I try to put the values in the list to the dictionary, and count how many times they appear in that list, however the second way doesn't work. Does anyone know the reason?
#one way
list1=['1','2','2','3','2','2']
dict1={}
for keys in list1:
dict1[keys]=0
for keys in list1:
dict1[keys]=dict1[keys]+1
print('dict1 is',dict1)
#second way
list2=list1
dict2={}
for keys in list2:
dict2[keys]+=1
print('dict2 is',dict2)
Way 2 does not work because the keys do not exists yet. You can not use += for values on non existent keys - only on keys that contain (f.e.) integers.
Collection of alternate ways:
O(n**2) - solution:
list1=['1','2','2','3','2','2']
# the worst petrformance I can imagine:
worst = {}
for item in list1:
worst[item] = list1.count(item)
print(worst) # {'1': 1, '3': 1, '2': 4}
Worst because: list.count() iterates the whole list to count one elements occurences. It touches this list 6 times for every number in it. It counts 2 four times (just to make sure) and reassignes the counted value to the key of over and over.

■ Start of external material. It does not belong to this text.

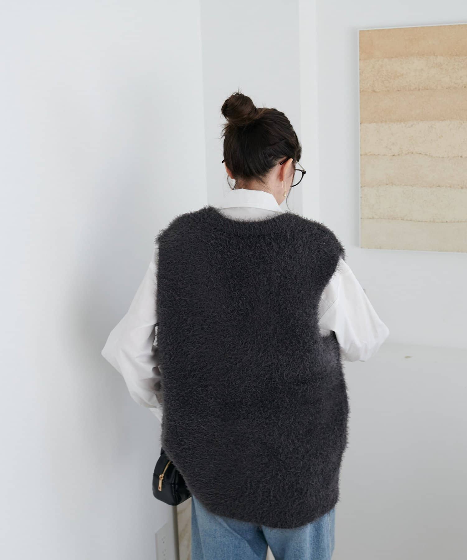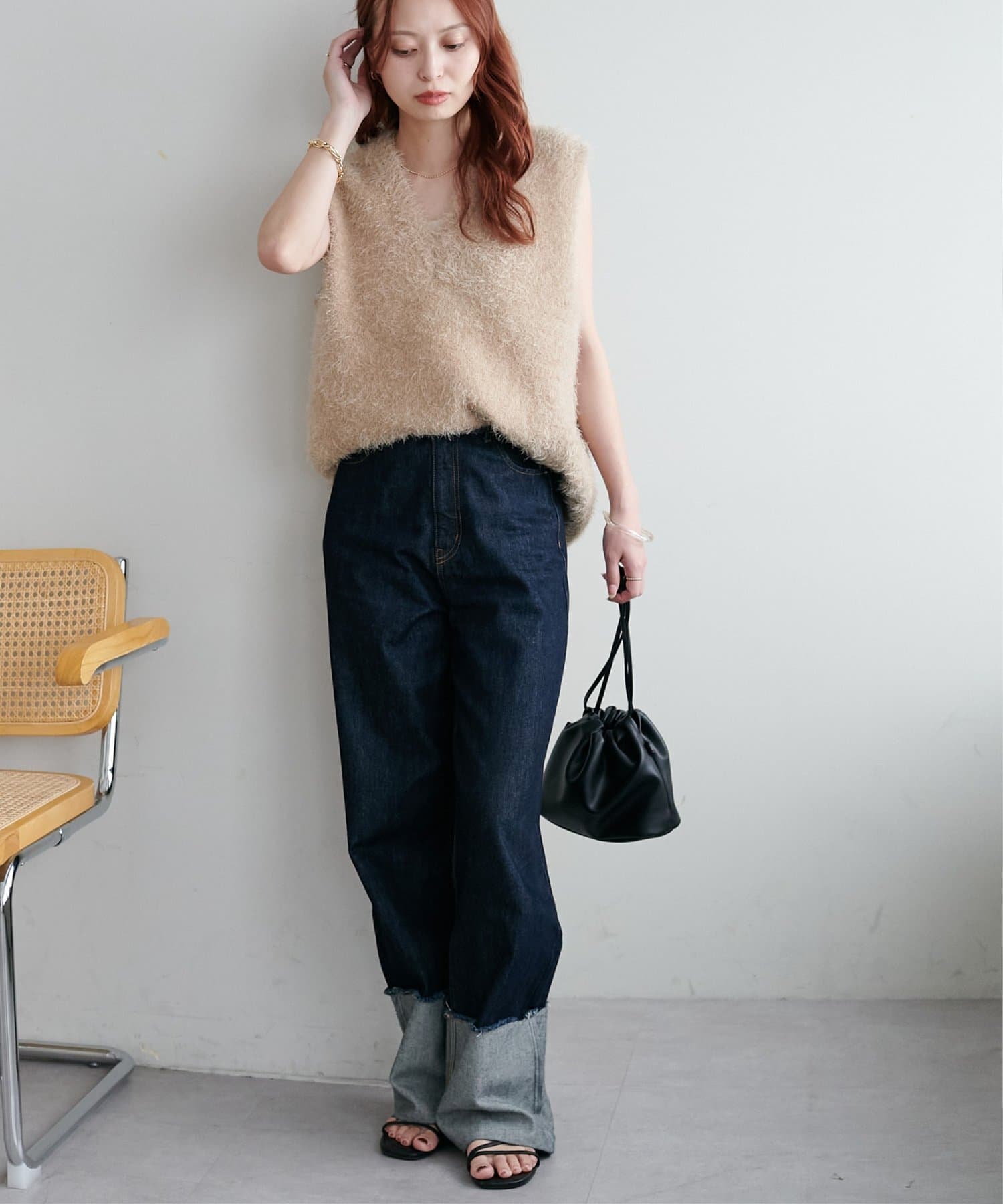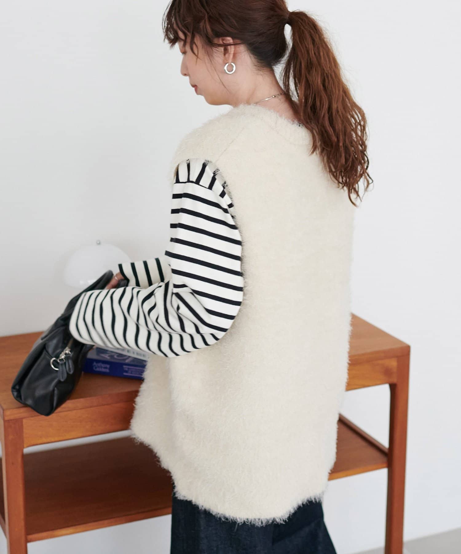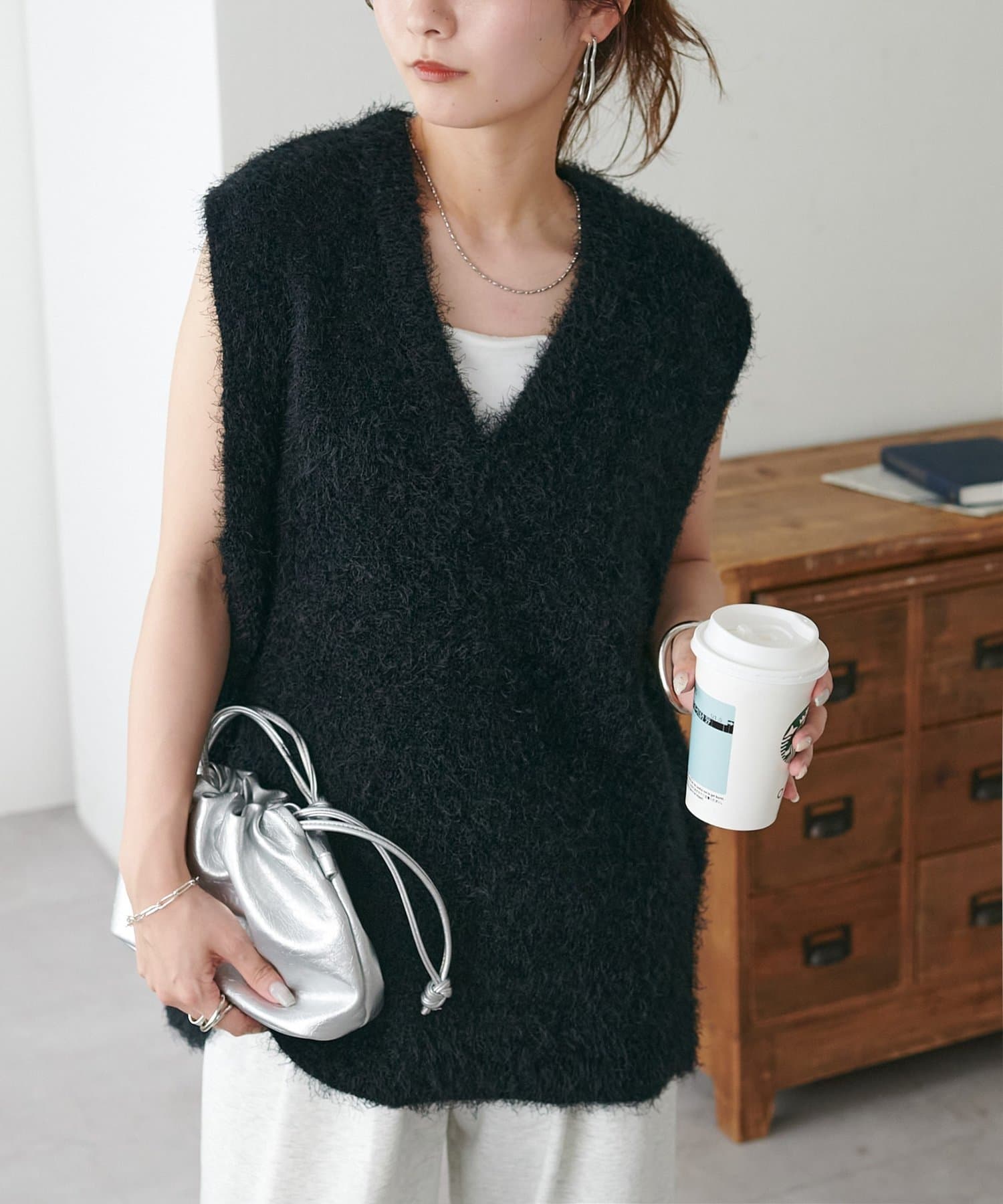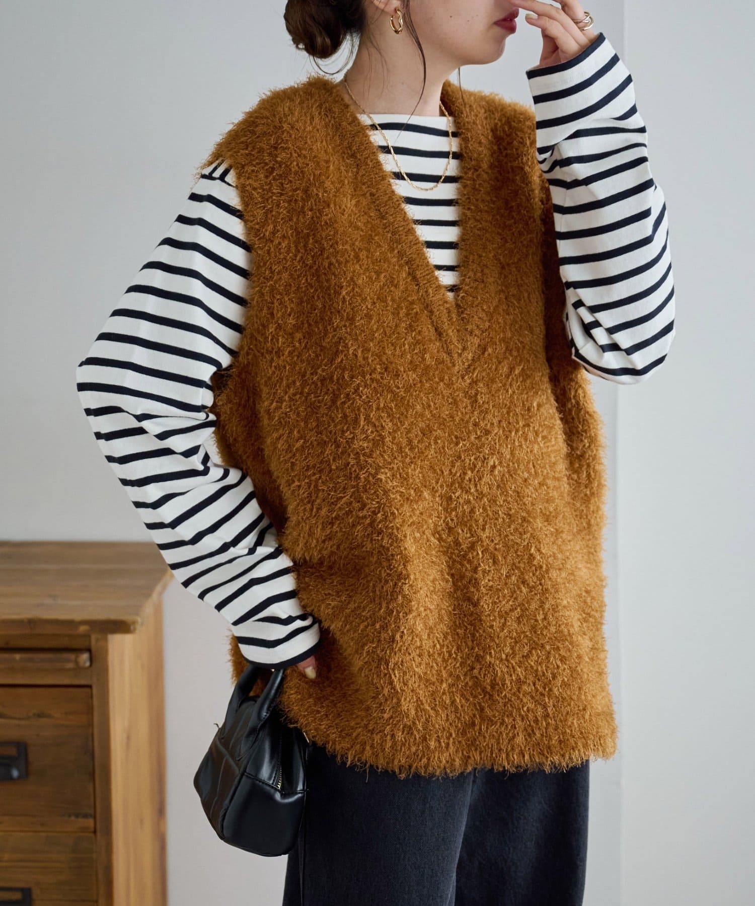 レイヤードコーデに重宝するベストをふわっとしたフェザーの生地で仕立てました。

It is a O(n**2) approach. You can "optimize" it by only looping over the set(list1) which reduces it to counting only each unique number (3*6 instead of 6*6) - but the problem has several O(n) solution == one pass over the list.
Your solution is O(2*n) - iterating the list twice to create zero-indexes and then count them.
O(n) - solutions (that differ in performance):
# zeroth'st way: check and test and create if needed else add
ddd = {}
for item in list1: # touches each item exactly once
if item in ddd: # but uses additional checks and conditions
ddd[item] += 1
else:
ddd[item] = 1
print(ddd)
#second way # slowish - but better then two for loops (kinda your one way optimized)
dict2={}
for key in list1: # touches each element once, no checks but
dict2.setdefault(key,0) # setdefault + assignment is slower then defaultdict
dict2[key]+=1
print('dict2 is',dict2)
# third way # faster then setdefault due to optimizations in defaultdict
from collections import defaultdict
d = defaultdict(int)
for key in list1:
d[key]+=1
print("defaultdict is", d)
# fourth way # slower because it needs additional list sorting to work
from itertools import groupby
dd = { k:len(list(v)) for k,v in groupby(sorted(list1))} #needs sorted list here
print("groupby is", dd)
# fifth way using Counter
from collections import Counter
print( Counter(list1))
print(dict(Counter(list1)))
Output's:
{'1': 1, '3': 1, '2': 4}
dict2 is {'1': 1, '2': 4, '3': 1}
defaultdict is defaultdict(<class 'int'>, {'1': 1, '2': 4, '3': 1})
groupby is {'1': 1, '2': 4, '3': 1}
Counter({'2': 4, '1': 1, '3': 1})
{'1': 1, '3': 1, '2': 4}
Doku:
with Counter and defaultdict being the fastisht methods - you would have to measure to get a "winner".